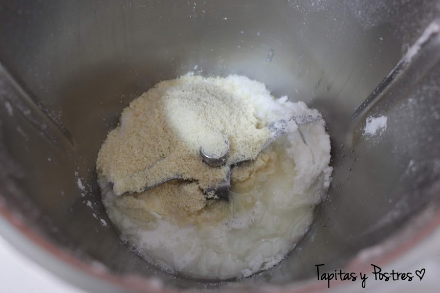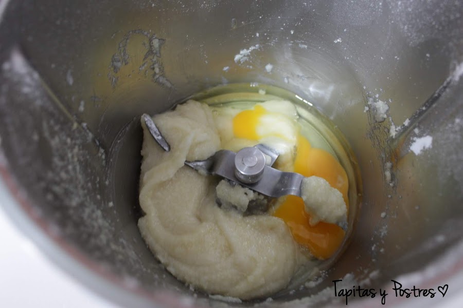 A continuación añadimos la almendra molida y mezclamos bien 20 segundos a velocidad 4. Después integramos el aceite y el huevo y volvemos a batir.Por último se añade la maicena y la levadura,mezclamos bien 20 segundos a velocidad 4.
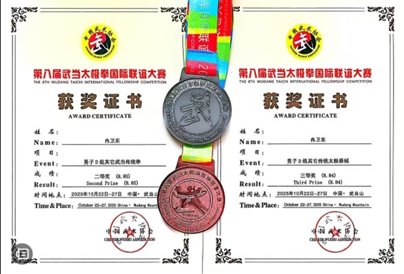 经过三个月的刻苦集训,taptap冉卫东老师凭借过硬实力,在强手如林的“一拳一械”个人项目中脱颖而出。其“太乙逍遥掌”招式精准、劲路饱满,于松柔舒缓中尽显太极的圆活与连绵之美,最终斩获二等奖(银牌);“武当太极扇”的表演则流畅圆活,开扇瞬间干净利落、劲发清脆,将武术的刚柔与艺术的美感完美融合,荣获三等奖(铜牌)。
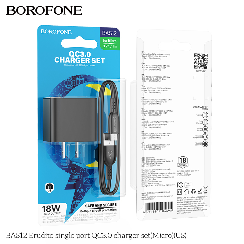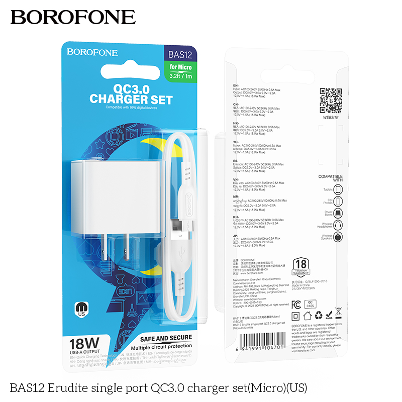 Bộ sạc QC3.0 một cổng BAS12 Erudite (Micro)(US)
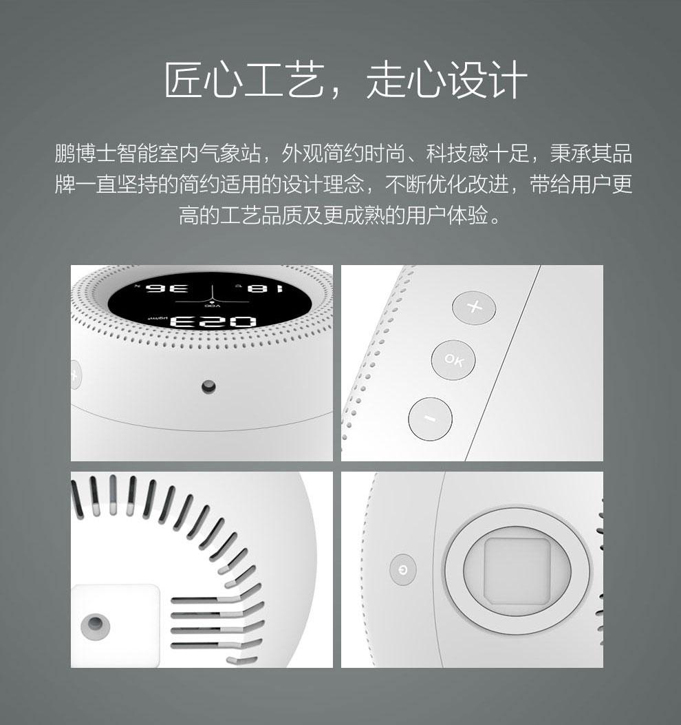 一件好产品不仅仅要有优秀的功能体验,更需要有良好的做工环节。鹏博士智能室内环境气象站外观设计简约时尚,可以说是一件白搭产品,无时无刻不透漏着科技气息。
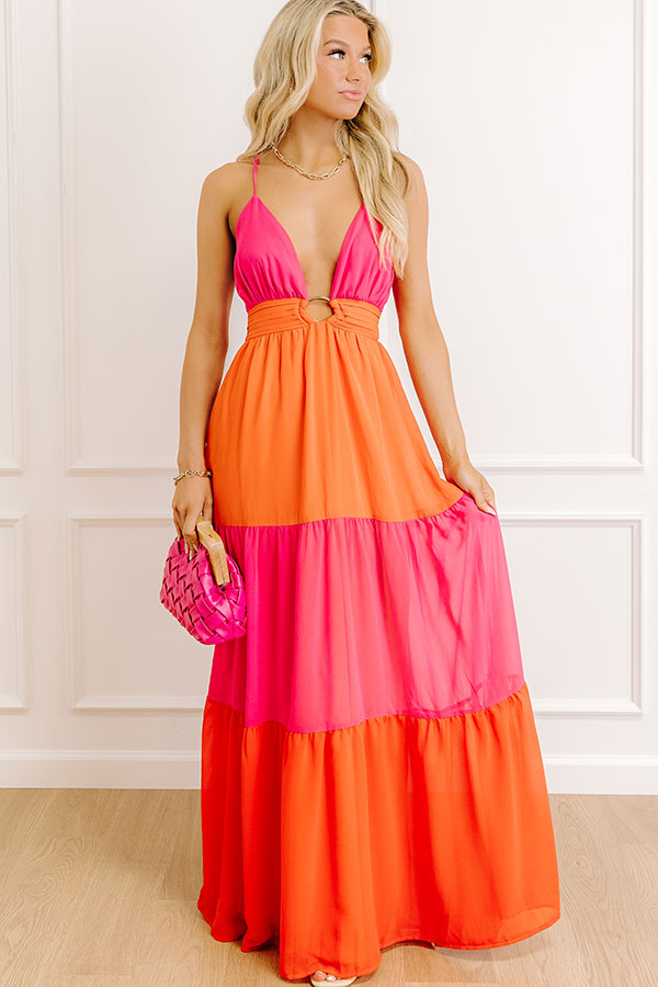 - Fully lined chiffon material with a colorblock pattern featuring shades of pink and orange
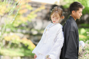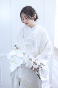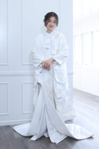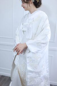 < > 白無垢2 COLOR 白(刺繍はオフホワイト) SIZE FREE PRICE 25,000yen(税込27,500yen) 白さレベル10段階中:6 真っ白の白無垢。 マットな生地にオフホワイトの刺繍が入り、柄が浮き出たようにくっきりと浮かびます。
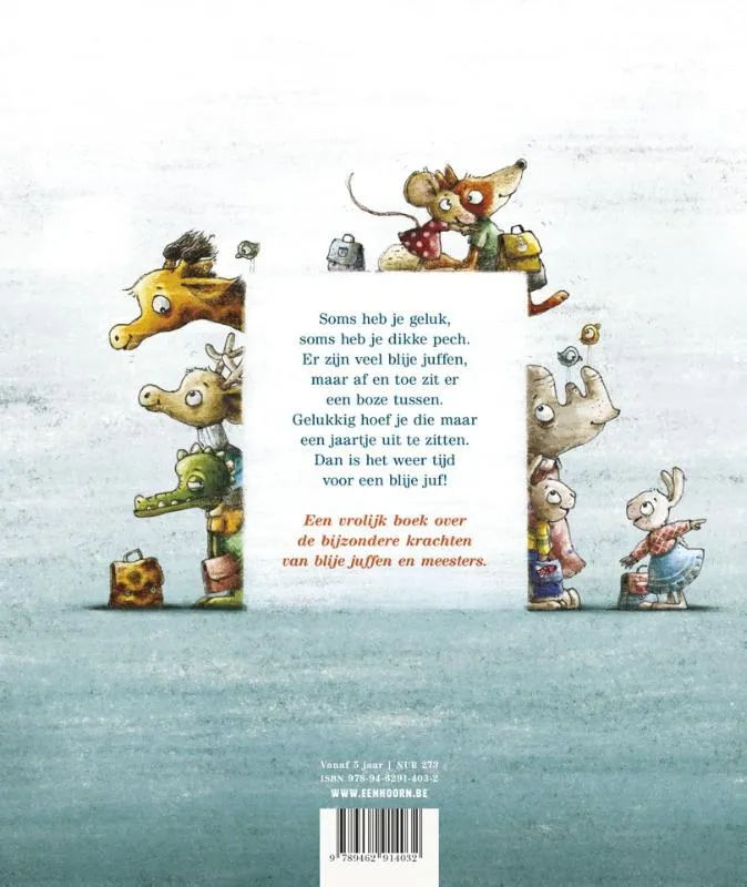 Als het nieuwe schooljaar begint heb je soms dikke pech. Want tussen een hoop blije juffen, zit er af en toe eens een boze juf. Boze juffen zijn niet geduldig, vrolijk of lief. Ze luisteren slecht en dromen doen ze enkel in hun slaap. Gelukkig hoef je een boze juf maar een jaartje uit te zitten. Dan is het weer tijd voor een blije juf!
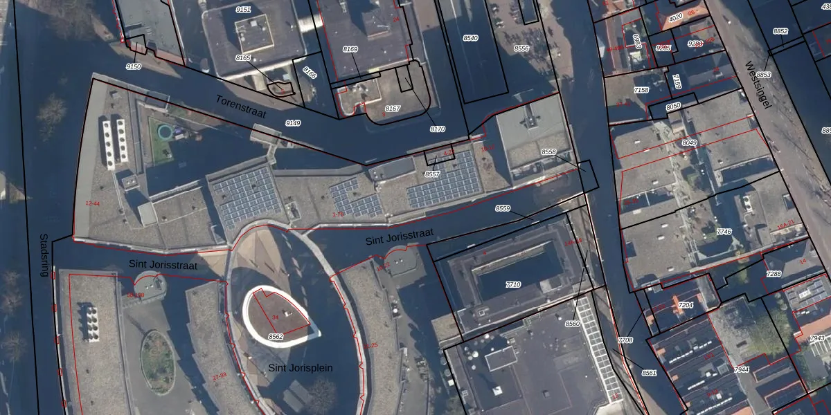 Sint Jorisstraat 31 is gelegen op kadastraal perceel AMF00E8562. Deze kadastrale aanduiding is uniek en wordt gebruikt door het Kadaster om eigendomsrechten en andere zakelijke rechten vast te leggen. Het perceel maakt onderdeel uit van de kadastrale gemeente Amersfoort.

---+---

### DIRECTIONS FOR THIS TASK
Restate the records above exactly, less any pictures.

### YOUR SOLUTION
 A continuación añadimos la almendra molida y mezclamos bien 20 segundos a velocidad 4. Después integramos el aceite y el huevo y volvemos a batir.Por último se añade la maicena y la levadura,mezclamos bien 20 segundos a velocidad 4.
 经过三个月的刻苦集训,taptap冉卫东老师凭借过硬实力,在强手如林的“一拳一械”个人项目中脱颖而出。其“太乙逍遥掌”招式精准、劲路饱满,于松柔舒缓中尽显太极的圆活与连绵之美,最终斩获二等奖(银牌);“武当太极扇”的表演则流畅圆活,开扇瞬间干净利落、劲发清脆,将武术的刚柔与艺术的美感完美融合,荣获三等奖(铜牌)。
 Bộ sạc QC3.0 một cổng BAS12 Erudite (Micro)(US)
 一件好产品不仅仅要有优秀的功能体验,更需要有良好的做工环节。鹏博士智能室内环境气象站外观设计简约时尚,可以说是一件白搭产品,无时无刻不透漏着科技气息。
 - Fully lined chiffon material with a colorblock pattern featuring shades of pink and orange
 < > 白無垢2 COLOR 白(刺繍はオフホワイト) SIZE FREE PRICE 25,000yen(税込27,500yen) 白さレベル10段階中:6 真っ白の白無垢。 マットな生地にオフホワイトの刺繍が入り、柄が浮き出たようにくっきりと浮かびます。
 Als het nieuwe schooljaar begint heb je soms dikke pech. Want tussen een hoop blije juffen, zit er af en toe eens een boze juf. Boze juffen zijn niet geduldig, vrolijk of lief. Ze luisteren slecht en dromen doen ze enkel in hun slaap. Gelukkig hoef je een boze juf maar een jaartje uit te zitten. Dan is het weer tijd voor een blije juf!
 Sint Jorisstraat 31 is gelegen op kadastraal perceel AMF00E8562. Deze kadastrale aanduiding is uniek en wordt gebruikt door het Kadaster om eigendomsrechten en andere zakelijke rechten vast te leggen. Het perceel maakt onderdeel uit van de kadastrale gemeente Amersfoort.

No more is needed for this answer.